Data headings relating to building/construction work, financial transactions, personal data, commercial activities, sales pipeline, lead generation, staff information, logins, and open ended data input. 

Appendix B – Outreach to Amber Commercial:

  • 28th February 2020 – The web portal for Amber Commercial listed the mobile number of an individual to contact in case of issue. TurgenSec sent the below message to that number: 

I got your number from AmberCommercial.com.
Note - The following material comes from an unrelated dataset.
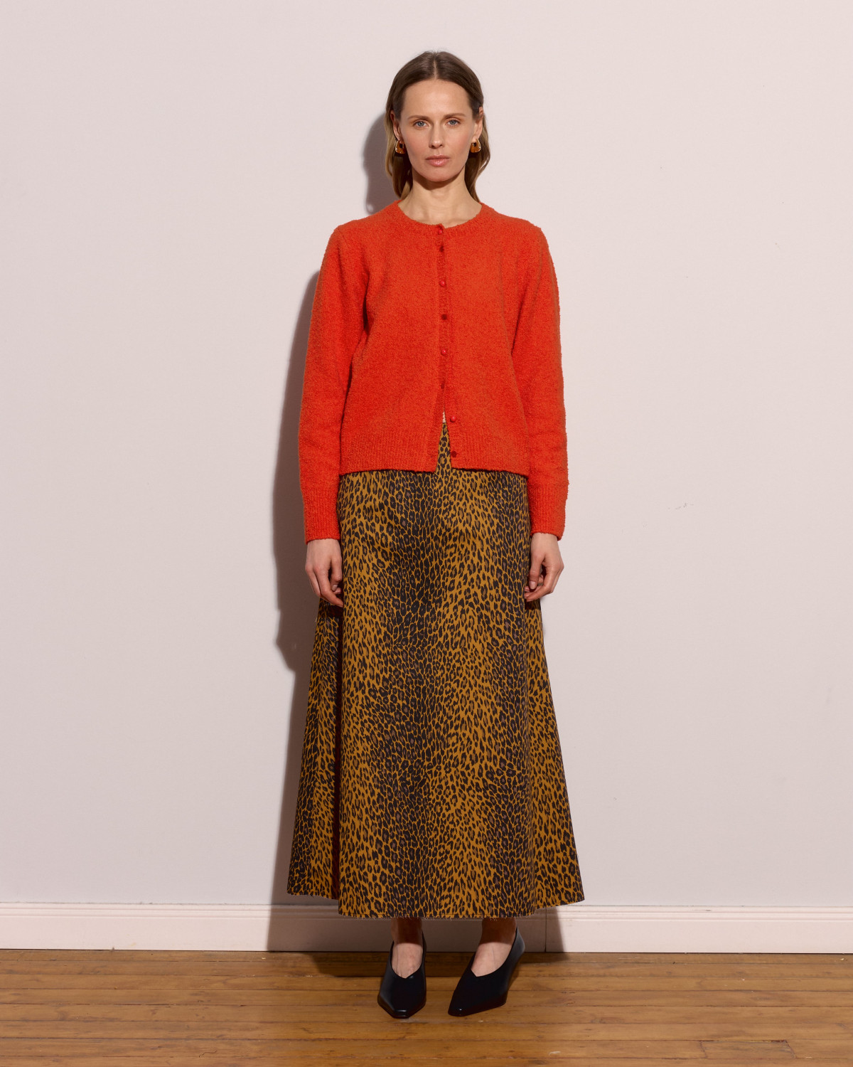 Назвіть принт, який завжди залишається у тренді. Впевнені, вам не знадобиться навіть двох спроб, аби потрапити в ціль. Звісно, це леопард. Змінюються хіба що фактури, фасони, крій. Дизайнери переосмислюють класику, експериментують і надають їй нових звучань, але так чи інакше з року в рік повертаються до улюбленого й перевіреного часом принту. Стильна леопардова спідниця міді А-силуету знайдена цього сезону в колекції WKMF. Носіть її як із чорними й білими блузами, так і з трикотажем найсміливіших відтінків. Леопард + червоний = модна комбінація для найсміливіших.

I am a security researcher for a cyber security startup and I want to report an open database to you or your internet team at Amber Commercial so that you can get a password put on it and prevent any breaches. 

I am not trying to get anything out of this, just informing you of an open database.

  • 7th May 2020 – TurgenSec sent an email to [email protected] disclosing the breach, informing them of IPs and redacted screenshots with enough information to cross reference and confirm our legitimacy. 
    • TurgenSec also sent its Responsible Disclosure Policy. 
  • 7th May 2020 – A TurgenSec director called the mobile number listed on the website. 
    • The person answering the phone confirmed that they were the individual we expected.
    • They were keen to know which site there was a problem with. We informed them it was Amber Commercial.
    • TurgenSec requested an email address to send through the full details.
    • The individual informed us they did not have an email address and hung up.

TurgenSec conducted preliminary OSINT on the individual and found two publicly listed emails and Google Forum posts asking numerous questions about how to set up a document database identical to the one breached. 

Within the Google Forum posts the individual claims to have corrupted a large database matching the breached one that takes over ‘24 hours to export’.

  • 7th May 2020 – The database was closed following this phone conversation.
  • 18th May 2020 – A TurgenSec director called the mobile number listed on the website in an attempt to open a dialogue, but did not get through. 
  • 19th May 2020 – A TurgenSec director called the mobile number listed on the website in an attempt to open a dialogue, but did not get through. 
  • 20th May 2020 – A TurgenSec director used an outbound VOIP provider to call the mobile number listed on the website in an attempt to open a dialogue, but did not get through.
  • 23rd May 2020 – A TurgenSec director used an outbound VOIP provider to call the mobile number listed on the website. An individual answered and mid way through explaining the situation the individual told us “not to worry about this” and hung up. 
  • 5th June 2020 – TurgenSec could not open a line of communication with Amber Commercial and the database has been closed, so, in line with our responsible disclosure policy, we emailed [email protected] informing them of the dates and times we tried to contact them and that we intended to proceed in line with our responsible disclosure policy. 
  • 10th June 2020 – A BBC journalist contacted Amber Commercial and put us in contact with an employee. TurgenSec explained the situation to this employee who claimed to have not received any of our emails and that we were lying.
    • TurgenSec resent the original emails along with our responsible disclosure policy, but notes that the original emails sent were opened according to email tracking.
  • 25th July 2020 – TurgenSec emailed Amber Commercial requesting confirmation of their response to this data breach. 

“Over a month has elapsed since TurgenSec made Amber Windows aware of a data breach that impacted 500,000 individuals and contained sensitive personal information as defined by GDPR.

Under GDPR you are obliged to inform the impacted individuals, alongside this, our Responsible Disclosure Policy states the need for public disclosure. 

We have, as of the 24th of July, not observed any public disclosure of this data breach from Amber Windows, nor have we seen any indication that Amber Windows has informed the 500,000 impacted individuals of this data breach. 

Please can you inform us of your intentions to publicly disclose this data breach. 

Please may you also inform us of how many of the 500,000 impacted individuals you have informed. 

If we do not hear back from you we will proceed in line with our responsible disclosure policy which I attach for your convenience.”

  • Amber Commercial replied to this email, but did not provide any assurances.